Task requirements ▸ Beneath this instruction is a block of data; output from it exactly the lines that run from the one containing "- Design unico" through the one containing "This ring is", inclusive.

Material for this exercise ▸
════

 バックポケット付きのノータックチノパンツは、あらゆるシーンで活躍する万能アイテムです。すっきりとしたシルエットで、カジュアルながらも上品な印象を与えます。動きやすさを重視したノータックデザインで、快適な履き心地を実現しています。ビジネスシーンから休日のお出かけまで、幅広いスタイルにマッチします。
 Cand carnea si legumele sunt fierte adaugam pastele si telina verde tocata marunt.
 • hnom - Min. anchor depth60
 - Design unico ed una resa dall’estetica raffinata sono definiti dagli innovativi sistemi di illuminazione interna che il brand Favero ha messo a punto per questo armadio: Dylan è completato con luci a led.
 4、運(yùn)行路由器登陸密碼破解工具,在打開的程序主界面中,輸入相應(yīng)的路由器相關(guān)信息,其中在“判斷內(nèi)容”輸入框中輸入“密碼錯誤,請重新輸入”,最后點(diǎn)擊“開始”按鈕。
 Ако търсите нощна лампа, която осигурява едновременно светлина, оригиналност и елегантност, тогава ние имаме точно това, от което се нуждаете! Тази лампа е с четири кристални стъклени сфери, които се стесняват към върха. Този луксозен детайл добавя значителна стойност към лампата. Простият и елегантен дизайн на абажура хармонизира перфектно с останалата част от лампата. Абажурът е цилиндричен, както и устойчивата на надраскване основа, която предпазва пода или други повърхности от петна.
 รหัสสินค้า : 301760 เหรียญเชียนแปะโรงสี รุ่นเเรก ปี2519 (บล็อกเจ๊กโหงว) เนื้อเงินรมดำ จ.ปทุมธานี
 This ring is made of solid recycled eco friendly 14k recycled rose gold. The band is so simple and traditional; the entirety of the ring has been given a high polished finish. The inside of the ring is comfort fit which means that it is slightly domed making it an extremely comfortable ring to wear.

════

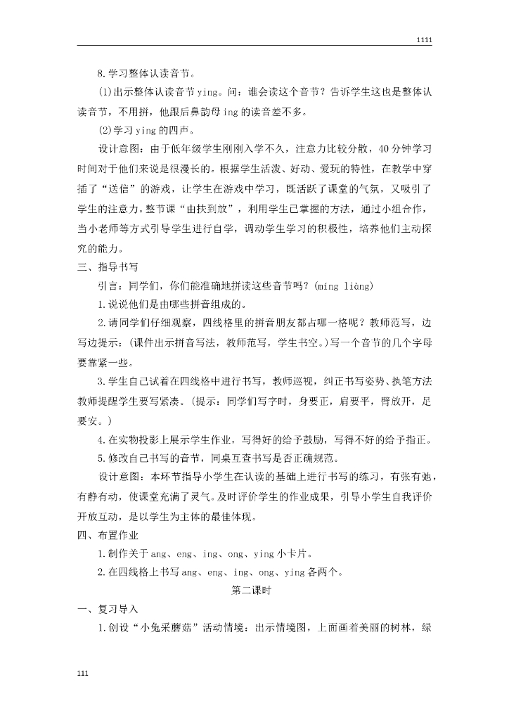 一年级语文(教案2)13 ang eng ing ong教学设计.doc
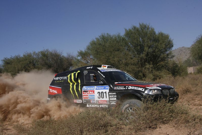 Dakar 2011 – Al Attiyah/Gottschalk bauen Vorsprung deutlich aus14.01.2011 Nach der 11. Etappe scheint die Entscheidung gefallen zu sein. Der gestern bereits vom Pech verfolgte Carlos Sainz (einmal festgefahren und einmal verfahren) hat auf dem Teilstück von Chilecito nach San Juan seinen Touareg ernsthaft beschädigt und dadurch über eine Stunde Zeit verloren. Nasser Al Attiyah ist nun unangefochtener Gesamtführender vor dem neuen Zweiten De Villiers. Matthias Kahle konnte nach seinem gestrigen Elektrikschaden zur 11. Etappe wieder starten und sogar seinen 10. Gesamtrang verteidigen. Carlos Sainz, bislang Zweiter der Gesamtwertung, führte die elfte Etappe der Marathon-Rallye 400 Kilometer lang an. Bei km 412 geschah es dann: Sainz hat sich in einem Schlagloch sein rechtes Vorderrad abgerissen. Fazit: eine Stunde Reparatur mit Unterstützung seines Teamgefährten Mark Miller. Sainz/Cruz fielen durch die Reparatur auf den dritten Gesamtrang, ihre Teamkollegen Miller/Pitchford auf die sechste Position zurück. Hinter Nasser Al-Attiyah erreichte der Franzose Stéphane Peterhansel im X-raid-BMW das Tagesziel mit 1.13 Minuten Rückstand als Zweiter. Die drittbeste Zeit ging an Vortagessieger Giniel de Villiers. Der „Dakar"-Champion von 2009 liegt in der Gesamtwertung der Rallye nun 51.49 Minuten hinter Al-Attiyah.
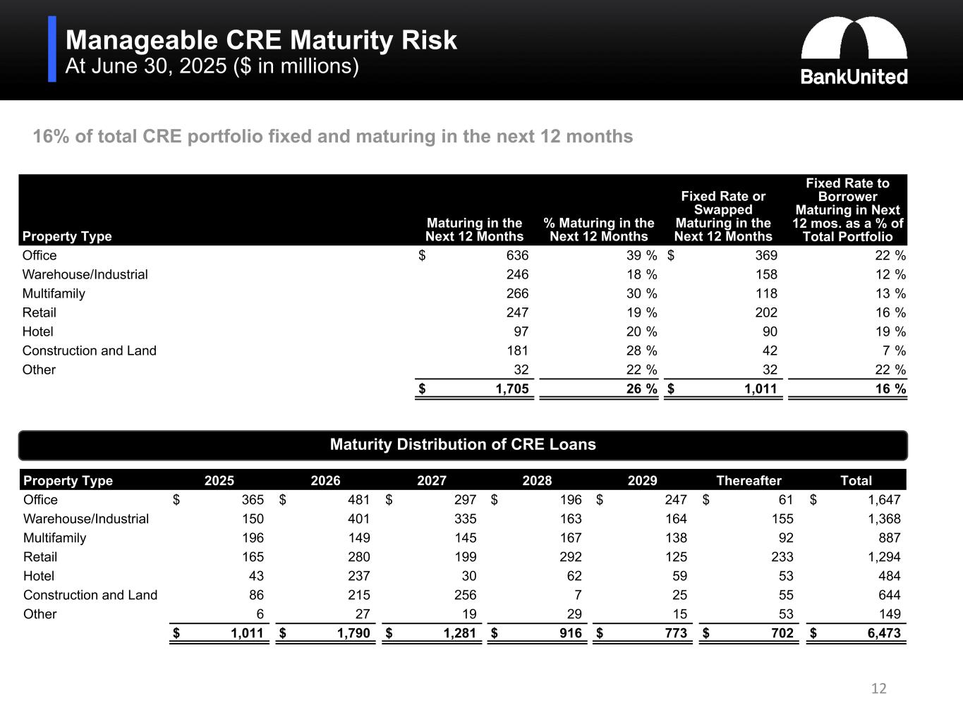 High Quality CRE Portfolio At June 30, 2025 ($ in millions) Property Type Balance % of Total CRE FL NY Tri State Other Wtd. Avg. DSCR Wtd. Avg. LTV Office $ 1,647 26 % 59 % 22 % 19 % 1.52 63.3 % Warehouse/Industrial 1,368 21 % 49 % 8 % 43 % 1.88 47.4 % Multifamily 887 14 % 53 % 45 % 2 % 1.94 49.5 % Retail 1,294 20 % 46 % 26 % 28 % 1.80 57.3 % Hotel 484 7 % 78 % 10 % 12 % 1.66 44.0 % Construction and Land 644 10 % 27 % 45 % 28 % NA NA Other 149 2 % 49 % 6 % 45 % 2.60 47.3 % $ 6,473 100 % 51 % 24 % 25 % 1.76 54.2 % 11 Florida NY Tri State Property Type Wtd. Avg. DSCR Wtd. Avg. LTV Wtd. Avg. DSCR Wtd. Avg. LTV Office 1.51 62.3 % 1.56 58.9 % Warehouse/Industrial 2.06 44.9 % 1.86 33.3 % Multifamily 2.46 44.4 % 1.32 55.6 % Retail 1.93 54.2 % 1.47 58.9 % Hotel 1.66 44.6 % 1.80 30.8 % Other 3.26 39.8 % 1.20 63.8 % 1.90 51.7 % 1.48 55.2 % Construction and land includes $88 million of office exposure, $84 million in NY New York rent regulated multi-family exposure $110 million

════

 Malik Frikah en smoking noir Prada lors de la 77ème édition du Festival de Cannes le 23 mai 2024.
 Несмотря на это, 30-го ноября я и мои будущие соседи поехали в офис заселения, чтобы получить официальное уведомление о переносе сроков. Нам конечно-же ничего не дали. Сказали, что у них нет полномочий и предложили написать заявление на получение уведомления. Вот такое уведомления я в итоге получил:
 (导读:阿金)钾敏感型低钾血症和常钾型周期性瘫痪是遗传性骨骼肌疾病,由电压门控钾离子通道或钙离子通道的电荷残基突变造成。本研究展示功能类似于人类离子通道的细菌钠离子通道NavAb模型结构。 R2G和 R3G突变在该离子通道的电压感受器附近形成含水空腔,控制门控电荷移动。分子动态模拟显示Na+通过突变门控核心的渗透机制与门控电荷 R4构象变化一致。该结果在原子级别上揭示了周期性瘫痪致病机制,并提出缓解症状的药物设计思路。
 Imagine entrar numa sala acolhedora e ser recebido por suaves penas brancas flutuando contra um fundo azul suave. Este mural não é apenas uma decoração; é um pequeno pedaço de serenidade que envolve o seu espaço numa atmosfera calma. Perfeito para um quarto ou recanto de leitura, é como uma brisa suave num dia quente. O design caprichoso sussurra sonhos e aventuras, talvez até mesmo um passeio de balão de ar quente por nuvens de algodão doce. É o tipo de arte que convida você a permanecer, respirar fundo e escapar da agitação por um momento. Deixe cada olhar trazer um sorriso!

════

Reply ▸
 - Design unico ed una resa dall’estetica raffinata sono definiti dagli innovativi sistemi di illuminazione interna che il brand Favero ha messo a punto per questo armadio: Dylan è completato con luci a led.
 4、運(yùn)行路由器登陸密碼破解工具,在打開的程序主界面中,輸入相應(yīng)的路由器相關(guān)信息,其中在“判斷內(nèi)容”輸入框中輸入“密碼錯誤,請重新輸入”,最后點(diǎn)擊“開始”按鈕。
 Ако търсите нощна лампа, която осигурява едновременно светлина, оригиналност и елегантност, тогава ние имаме точно това, от което се нуждаете! Тази лампа е с четири кристални стъклени сфери, които се стесняват към върха. Този луксозен детайл добавя значителна стойност към лампата. Простият и елегантен дизайн на абажура хармонизира перфектно с останалата част от лампата. Абажурът е цилиндричен, както и устойчивата на надраскване основа, която предпазва пода или други повърхности от петна.
 รหัสสินค้า : 301760 เหรียญเชียนแปะโรงสี รุ่นเเรก ปี2519 (บล็อกเจ๊กโหงว) เนื้อเงินรมดำ จ.ปทุมธานี
 This ring is made of solid recycled eco friendly 14k recycled rose gold. The band is so simple and traditional; the entirety of the ring has been given a high polished finish. The inside of the ring is comfort fit which means that it is slightly domed making it an extremely comfortable ring to wear.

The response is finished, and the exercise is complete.